Pick the Architecture
25 XPBack to AlexNet
In 2012, nobody could explain exactly why AlexNet worked so well. The researchers had stacked layers of neurons, fed in millions of photos, and let the math sort itself out. The network learned to detect edges in layer 1, curves in layer 2, shapes in layer 3, and object parts in layer 4 — but nobody programmed those steps. The network discovered them.
That gap between "we know how to build it" and "we know why it works" is still one of the most fascinating things about deep learning. You now understand the mechanism: multiply, add, activate, stack, backpropagate. What the layers decide to learn — that's still largely up to the data. That's both what makes deep learning powerful and what makes it hard to fully trust.
The 2012 moment didn't just win a competition. It proved that this approach scales. Every AI system you use today is built on that same idea.
Key takeaways
- A neuron is just multiply-and-add. Each input gets multiplied by a weight (volume knob), the results get summed, and the neuron fires an output.
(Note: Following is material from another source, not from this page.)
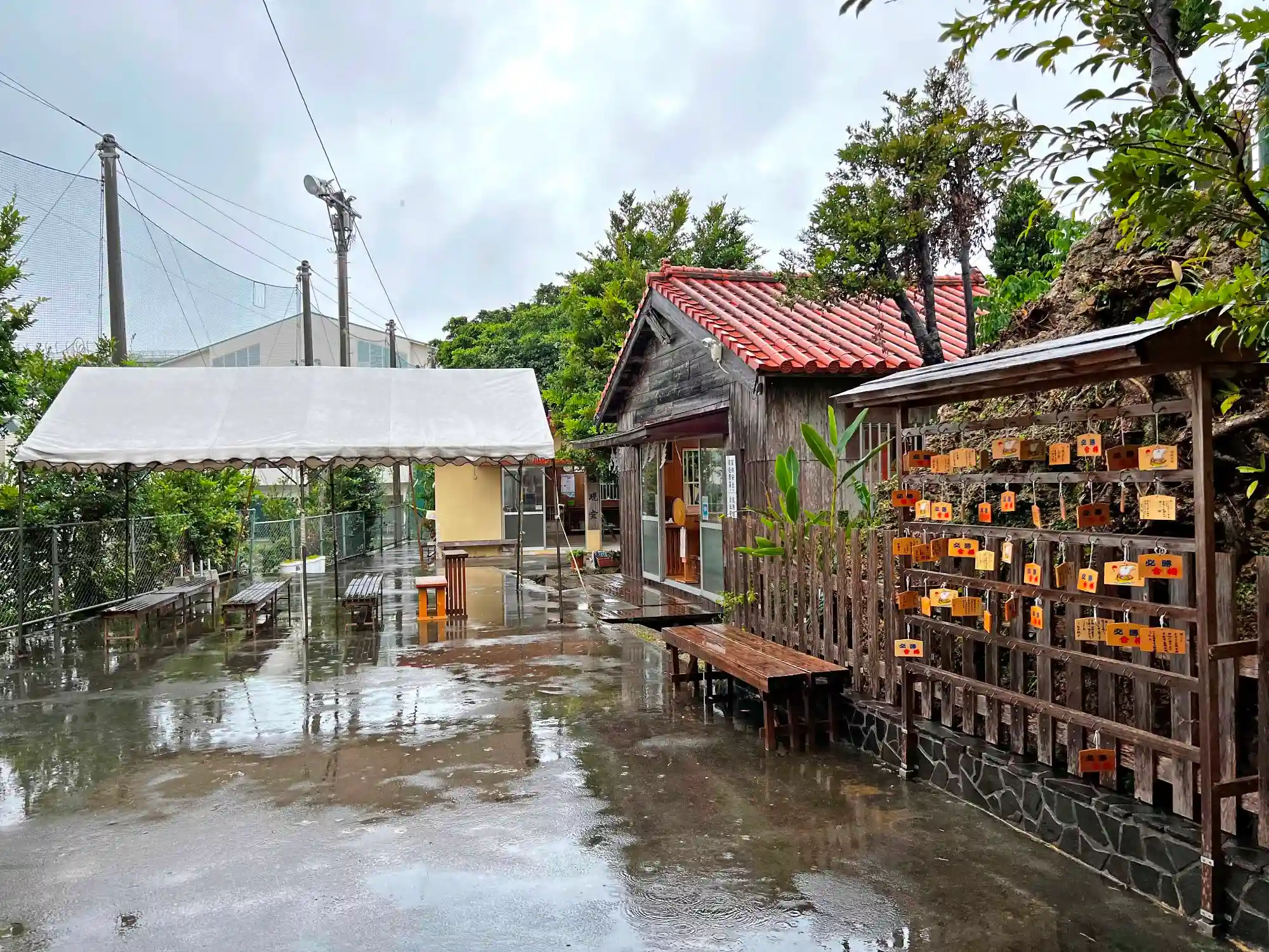 今回は、琉球八社の1社であることから参拝することに。参拝時は休日の午後で、土砂降りの雨だったにもかかわらず、自分以外にも何組も参拝者がいた。
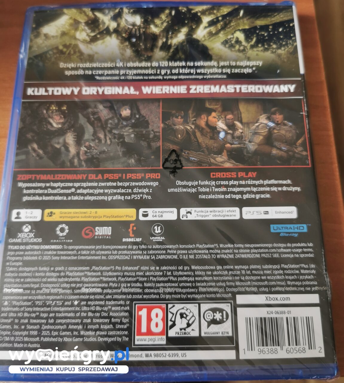 Gears of War: Reloaded to nowa odsłona jednej z najsłynniejszych franczyz w historii gier komputerowych, zoptymalizowana pod kątem konsol PlayStation®. Możesz cieszyć się funkcjami rozgrywki charakterystycznymi dla platformy PlayStation®5 — w tym obsługą kontrolerów bezprzewodowych DualSense® z efektami dotykowymi, obsługą głośników kontrolera i adaptacyjnymi spustami. Kultowy oryginał teraz wygląda i działa lepiej niż kiedykolwiek — błyskawiczne czasy ładowania, grafika w rozdzielczości 4K, zremasterowane tekstury, oświetlenie, cienie i odbicia, gra obsługuje technologie HDR i Dolby Atmos, a także ma zmienną częstotliwość odświeżania i aż do 120 kl./s w trybie wieloosobowym.*

Simple math, remarkable results at scale.
- Layers build abstraction. Like a relay race, each layer takes the previous layer's output and builds something more complex — raw pixels become edges become shapes become "that's a cat."
- Deep learning = many layers. The word "deep" just means the network has many hidden layers, allowing it to learn complex, abstract patterns.
- Training = adjusting millions of knobs. Backpropagation traces errors backward through the network and adjusts every weight to reduce mistakes. Repeat millions of times.
- GPUs made deep learning possible. They do simple math on thousands of data points simultaneously — exactly what neural network training needs.
- Different architectures for different jobs. CNNs for images, transformers for language, basic feedforward for simple classification. Pick the right tool for the job.
Knowledge Check
1.In a neural network, what does a 'weight' represent, and what happens to weights during training?
2.Why did GPUs become essential for training deep neural networks?
3.What does 'deep' mean in deep learning, and why does depth matter?
4.A neural network trained on photos achieves 99% accuracy on training images but 65% on new test images. Its first hidden layer has learned edge detection, and its last hidden layer has learned features specific to individual training photos. What is happening?